The results of a survey by Mortgage Choice in Australia were released this week showing that whereas two years ago 20% of people buying investment properties were first home buyers now the proportion is one-third. These ‘rent-investors’ have become a key driving force behind parts of the Australian housing market and we suspect that the same is happening in New Zealand going by anecdotal reports.

It seems reasonable to assume that these rent-investors are not in it for a quick capital gain but a medium-term hold in order to build up a bigger deposit from anticipated price rises and principal repayment and enhance flexibility in their work location early in their career – as in not being tied down to one place through home ownership which can reduce effective functioning of the labour market.

Elders with cash

Another group of we suspect long-term holders is older people who have built up cash assets which they are looking to invest in order to earn more than simply leaving the money in the bank. These investors have above average deposits so are not much affected by deposit size rules and they are not speculating in order to earn a lump sum which will then go back into a bank to earn very little. They want something which will yield income over a long period with reasonable chance of capital gain. Maybe some will buy an investment property with their offspring.

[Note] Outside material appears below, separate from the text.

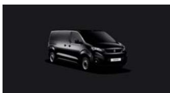
XYPO | Onyxin musta (musta)

Then there are the people acting on warnings about the need to build wealth for retirement by doing exactly that in the form of housing assets. These are also quite likely long-term investors. Plus there are the people who are pursuing housing investment as a business.

Auckland is where over one-third of New Zealand’s population want to live. And just like farmers who with open eyes accept the challenges thrown up by their land, weather, animals, markets, pests and diseases, these Aucklanders knowingly accept the challenge of managing dense traffic, high house prices, and high numbers of people per household.

For your guide, the Budget contained an extra $100 million to free up Crown land for development, extra assistance for social housing, and a warning to councils.

In his Budget Speech the Finance Minister referenced something called the National Policy Statement on Urban Development which is ‘upcoming.’

“This will direct councils to allow more housing development where necessary and to measure the impact of their decisions on house prices.”

Tony Alexander is Chief Economist at Bank of New Zealand.